═════ LISTED ENTRIES
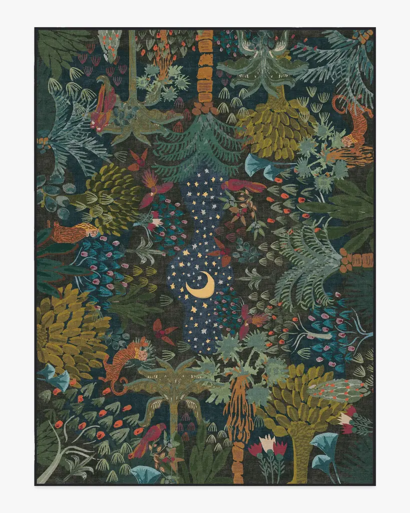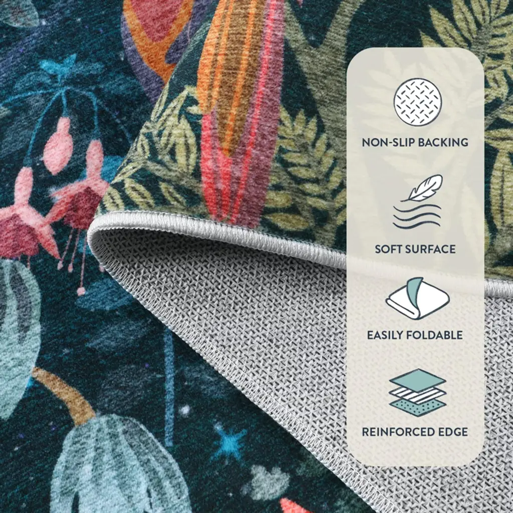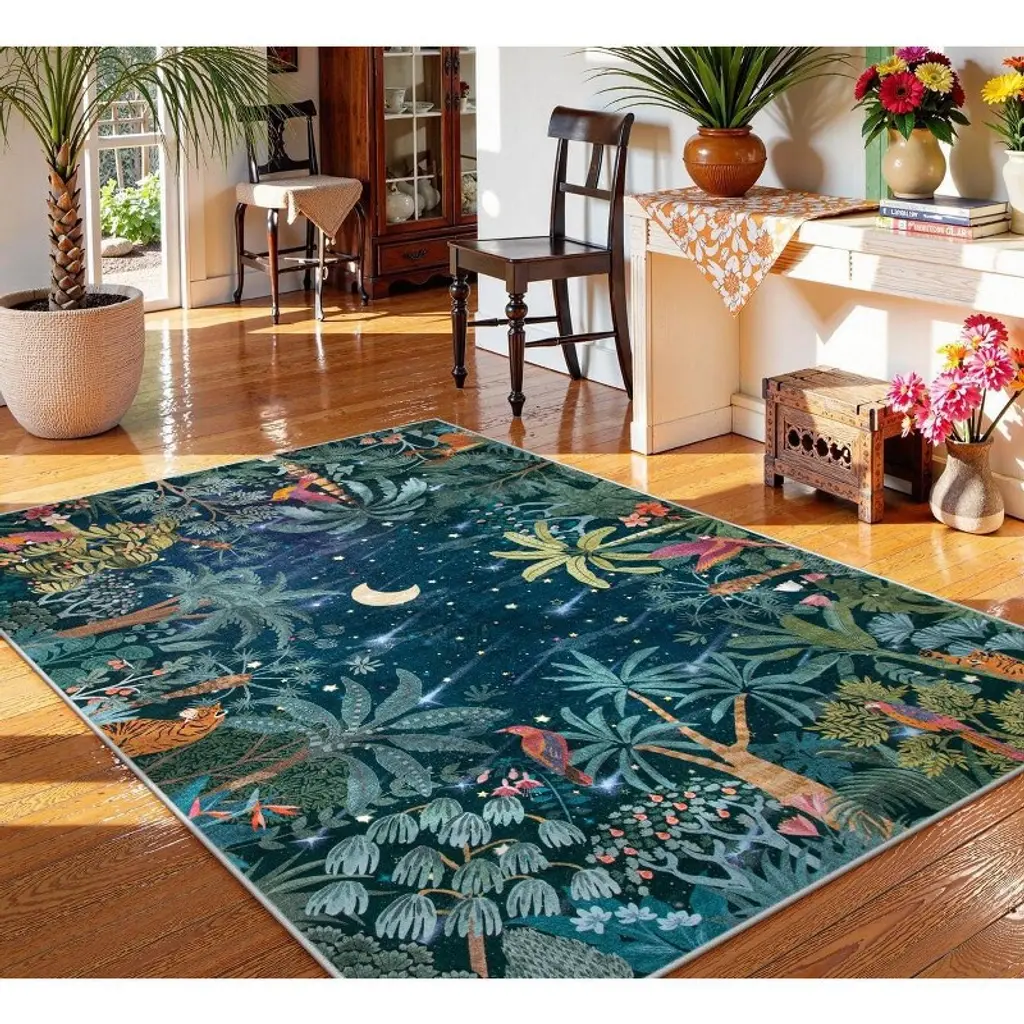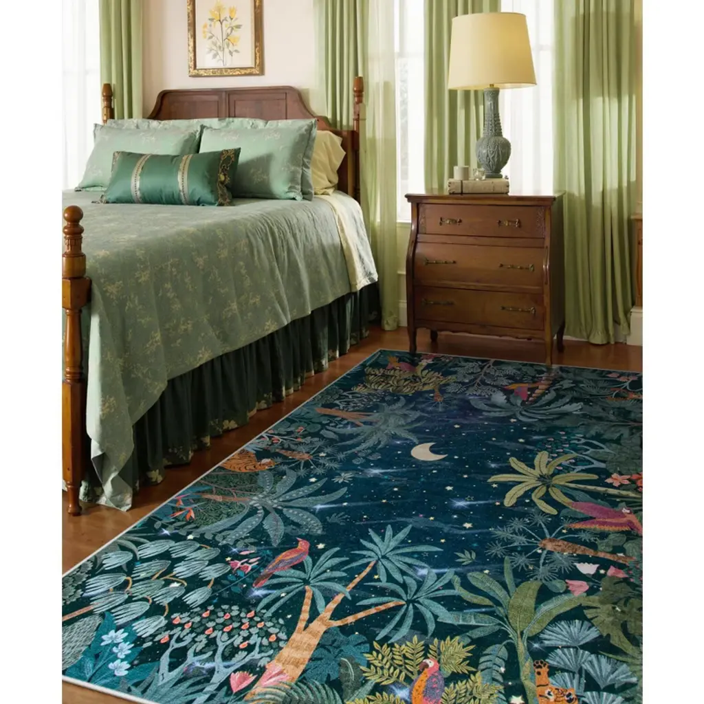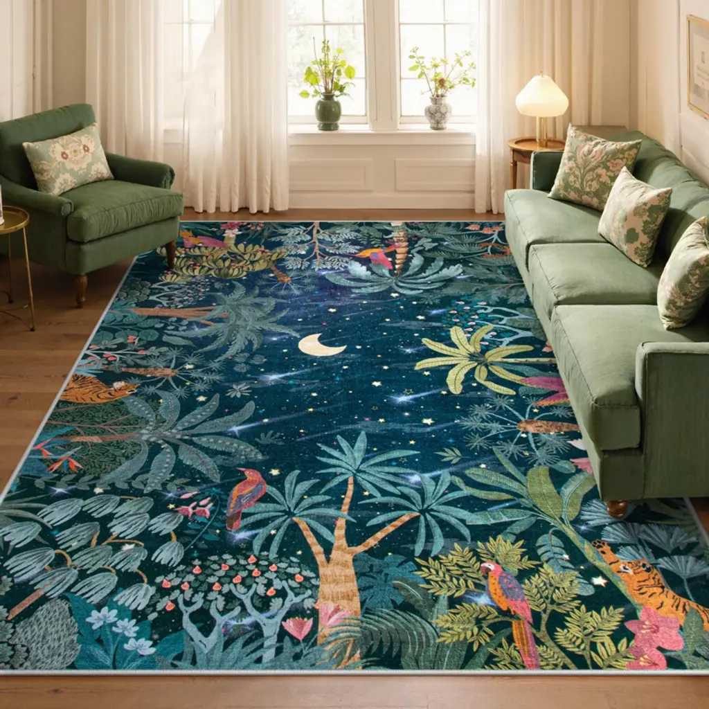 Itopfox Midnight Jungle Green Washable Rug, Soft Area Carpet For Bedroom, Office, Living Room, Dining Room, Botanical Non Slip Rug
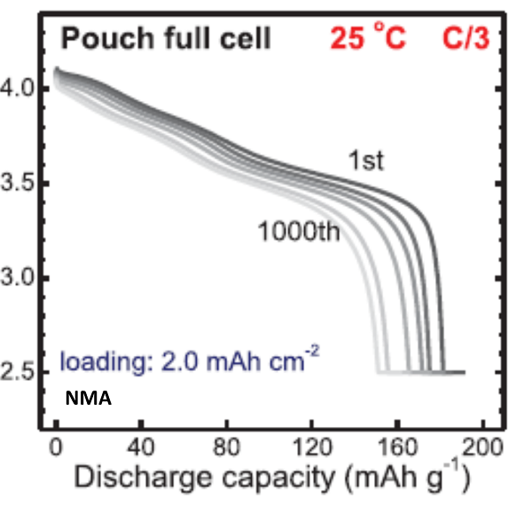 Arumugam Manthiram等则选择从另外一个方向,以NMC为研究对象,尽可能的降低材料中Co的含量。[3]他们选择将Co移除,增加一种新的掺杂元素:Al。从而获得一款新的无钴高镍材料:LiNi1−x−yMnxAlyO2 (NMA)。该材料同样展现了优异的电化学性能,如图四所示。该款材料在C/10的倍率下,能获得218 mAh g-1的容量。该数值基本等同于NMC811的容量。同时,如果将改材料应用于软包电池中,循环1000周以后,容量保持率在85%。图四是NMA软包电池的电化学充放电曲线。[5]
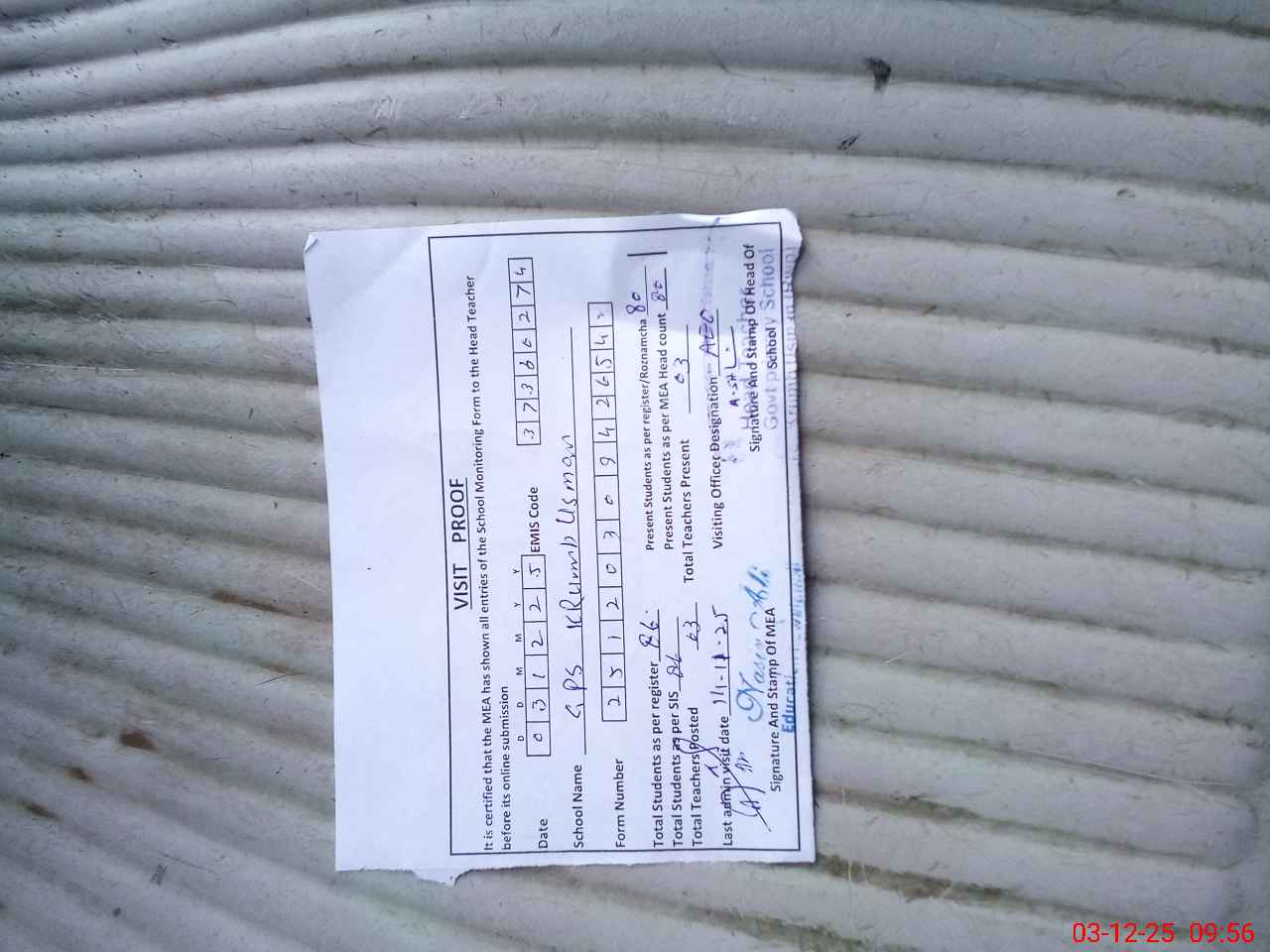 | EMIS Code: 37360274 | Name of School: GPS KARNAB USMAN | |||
══════════
═════ LISTED ENTRIES
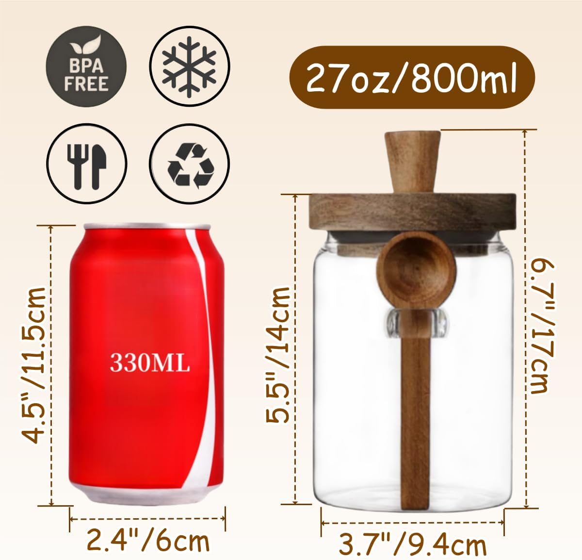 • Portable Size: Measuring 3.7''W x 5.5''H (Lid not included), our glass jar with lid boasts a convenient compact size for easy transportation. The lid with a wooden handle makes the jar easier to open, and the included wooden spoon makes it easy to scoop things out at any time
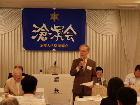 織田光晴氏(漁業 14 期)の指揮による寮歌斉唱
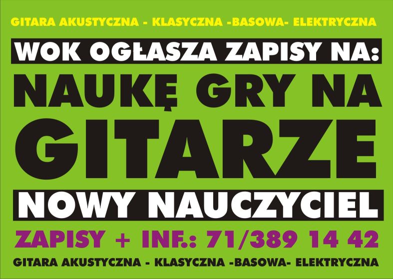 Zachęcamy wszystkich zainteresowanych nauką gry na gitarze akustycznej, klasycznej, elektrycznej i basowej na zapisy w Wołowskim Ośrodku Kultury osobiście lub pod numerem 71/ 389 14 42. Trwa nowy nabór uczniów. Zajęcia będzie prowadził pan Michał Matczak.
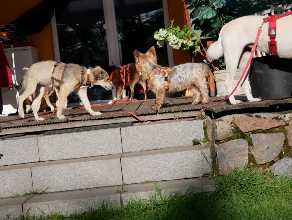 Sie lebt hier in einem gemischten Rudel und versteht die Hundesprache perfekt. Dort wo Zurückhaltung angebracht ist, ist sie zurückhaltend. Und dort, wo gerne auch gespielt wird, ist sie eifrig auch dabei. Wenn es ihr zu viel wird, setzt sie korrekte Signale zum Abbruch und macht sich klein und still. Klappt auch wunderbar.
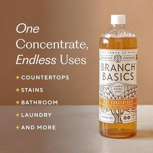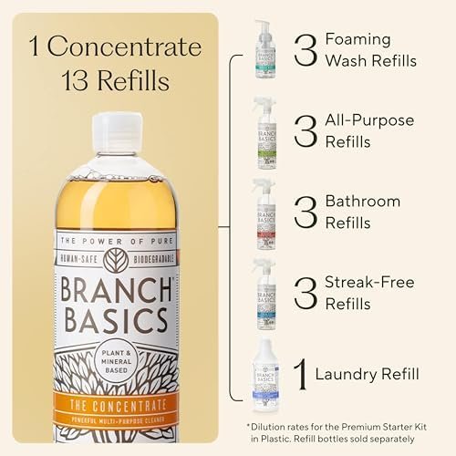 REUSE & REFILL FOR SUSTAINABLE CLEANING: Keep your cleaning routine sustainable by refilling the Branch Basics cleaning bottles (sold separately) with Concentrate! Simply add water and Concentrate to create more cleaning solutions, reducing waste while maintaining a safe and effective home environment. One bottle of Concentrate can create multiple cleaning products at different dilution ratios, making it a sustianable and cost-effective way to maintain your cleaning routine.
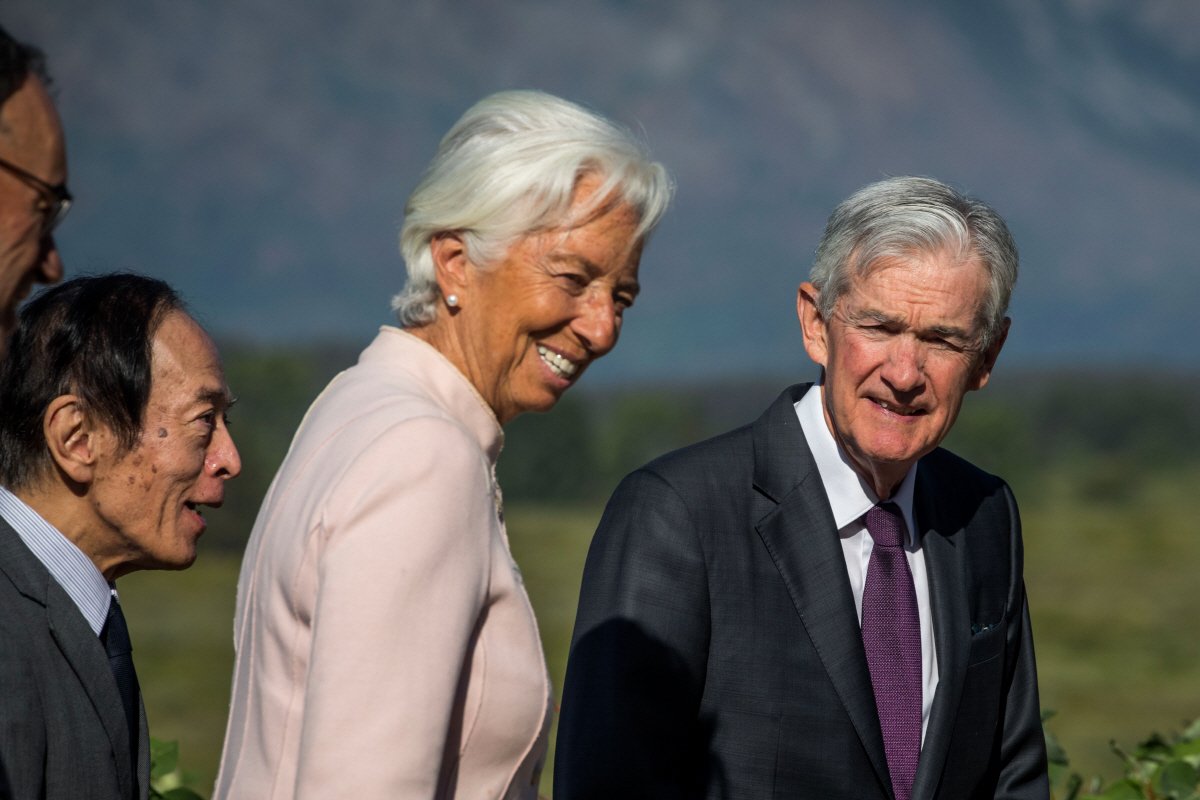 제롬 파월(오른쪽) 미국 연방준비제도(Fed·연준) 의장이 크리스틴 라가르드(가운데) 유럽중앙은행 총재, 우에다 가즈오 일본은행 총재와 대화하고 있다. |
══════════
═════ LISTED ENTRIES
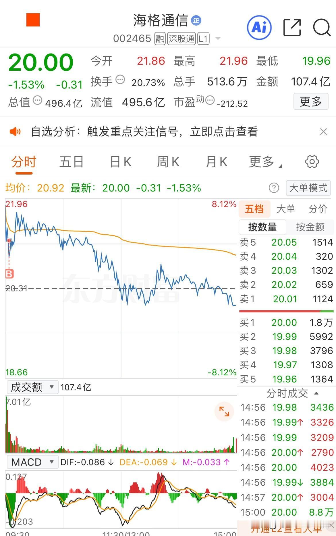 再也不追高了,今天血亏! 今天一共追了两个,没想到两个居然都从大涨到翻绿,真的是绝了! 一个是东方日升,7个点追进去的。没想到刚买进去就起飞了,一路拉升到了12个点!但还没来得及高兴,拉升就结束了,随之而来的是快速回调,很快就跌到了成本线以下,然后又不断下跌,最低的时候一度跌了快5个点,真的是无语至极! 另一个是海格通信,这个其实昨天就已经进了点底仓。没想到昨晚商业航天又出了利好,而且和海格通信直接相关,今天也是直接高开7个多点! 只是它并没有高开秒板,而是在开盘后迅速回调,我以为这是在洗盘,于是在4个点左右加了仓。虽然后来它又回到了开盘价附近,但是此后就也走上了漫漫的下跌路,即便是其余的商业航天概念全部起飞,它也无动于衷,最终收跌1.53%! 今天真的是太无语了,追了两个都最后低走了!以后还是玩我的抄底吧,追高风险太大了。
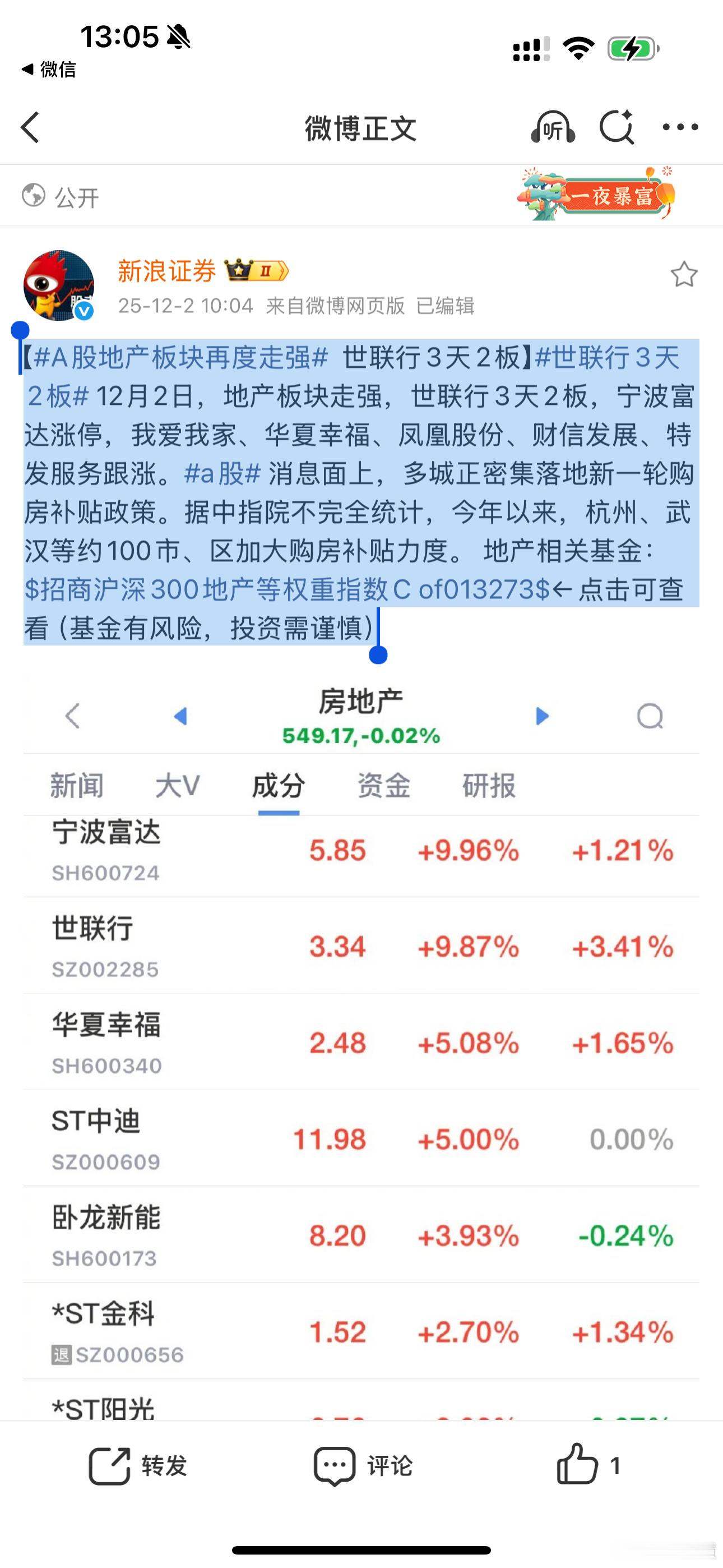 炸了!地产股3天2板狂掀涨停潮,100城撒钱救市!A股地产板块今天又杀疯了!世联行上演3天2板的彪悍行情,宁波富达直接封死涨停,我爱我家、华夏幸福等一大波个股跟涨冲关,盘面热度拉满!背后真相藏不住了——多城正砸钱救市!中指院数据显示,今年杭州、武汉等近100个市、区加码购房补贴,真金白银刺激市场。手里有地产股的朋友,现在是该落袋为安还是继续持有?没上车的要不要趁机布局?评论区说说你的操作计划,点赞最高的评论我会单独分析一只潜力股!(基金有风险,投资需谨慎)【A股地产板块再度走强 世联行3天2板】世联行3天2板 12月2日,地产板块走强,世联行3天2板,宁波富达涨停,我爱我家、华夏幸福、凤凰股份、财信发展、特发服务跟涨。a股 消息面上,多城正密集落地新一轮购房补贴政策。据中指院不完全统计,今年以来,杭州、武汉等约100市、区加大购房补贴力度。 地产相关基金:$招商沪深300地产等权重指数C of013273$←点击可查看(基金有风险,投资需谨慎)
══════════
■ **WHAT THE TASK ASKS**: Your answer must be the exact lines from the records above, from the one containing "REUSE & REFILL" through the one containing "제롬 파월(오른쪽) 미국", both included, with every picture left out.

■ **RESPONSE BELOW**:
 REUSE & REFILL FOR SUSTAINABLE CLEANING: Keep your cleaning routine sustainable by refilling the Branch Basics cleaning bottles (sold separately) with Concentrate! Simply add water and Concentrate to create more cleaning solutions, reducing waste while maintaining a safe and effective home environment. One bottle of Concentrate can create multiple cleaning products at different dilution ratios, making it a sustianable and cost-effective way to maintain your cleaning routine.
 제롬 파월(오른쪽) 미국 연방준비제도(Fed·연준) 의장이 크리스틴 라가르드(가운데) 유럽중앙은행 총재, 우에다 가즈오 일본은행 총재와 대화하고 있다. |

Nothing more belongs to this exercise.